━━ Information shown ━━

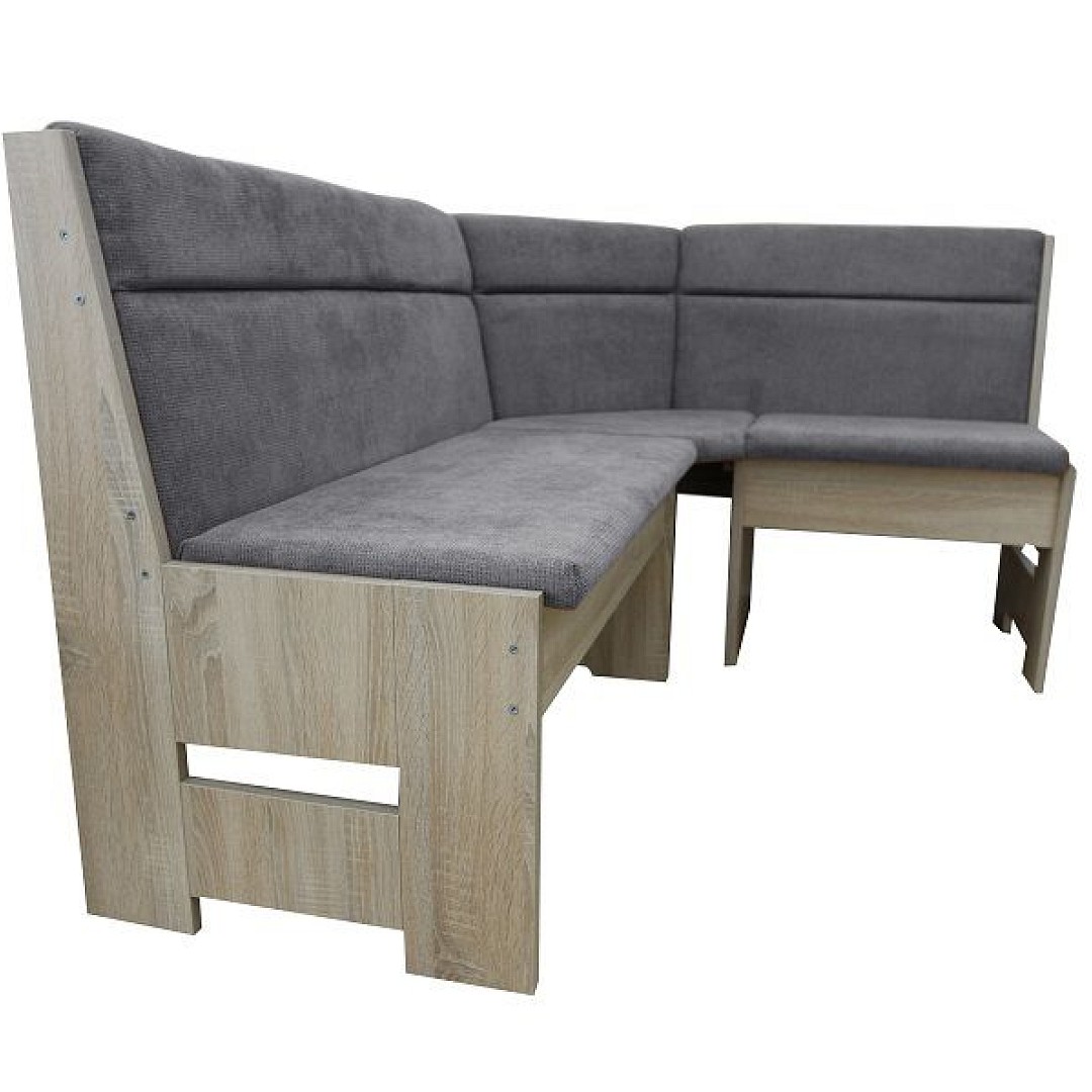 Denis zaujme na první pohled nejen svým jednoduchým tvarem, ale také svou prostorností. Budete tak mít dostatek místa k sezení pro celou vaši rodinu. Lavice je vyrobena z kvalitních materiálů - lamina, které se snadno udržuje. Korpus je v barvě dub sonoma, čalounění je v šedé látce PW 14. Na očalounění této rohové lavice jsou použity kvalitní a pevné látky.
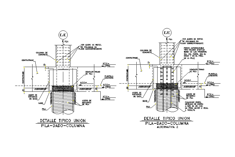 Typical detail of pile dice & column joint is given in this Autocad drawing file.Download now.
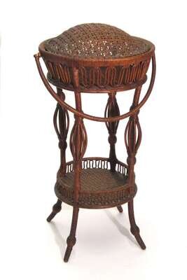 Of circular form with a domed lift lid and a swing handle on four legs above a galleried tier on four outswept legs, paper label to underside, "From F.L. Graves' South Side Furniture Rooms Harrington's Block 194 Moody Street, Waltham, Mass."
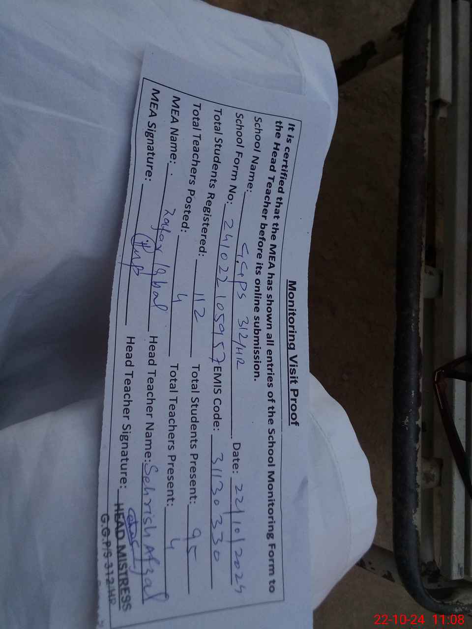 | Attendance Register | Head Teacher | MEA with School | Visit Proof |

━━━

Directions for this task
Restate word for word the lines beginning with the one that contains "Of circular form" and ending with the last line of the listing; pictures stay out.

Answer area
 Of circular form with a domed lift lid and a swing handle on four legs above a galleried tier on four outswept legs, paper label to underside, "From F.L. Graves' South Side Furniture Rooms Harrington's Block 194 Moody Street, Waltham, Mass."
 | Attendance Register | Head Teacher | MEA with School | Visit Proof |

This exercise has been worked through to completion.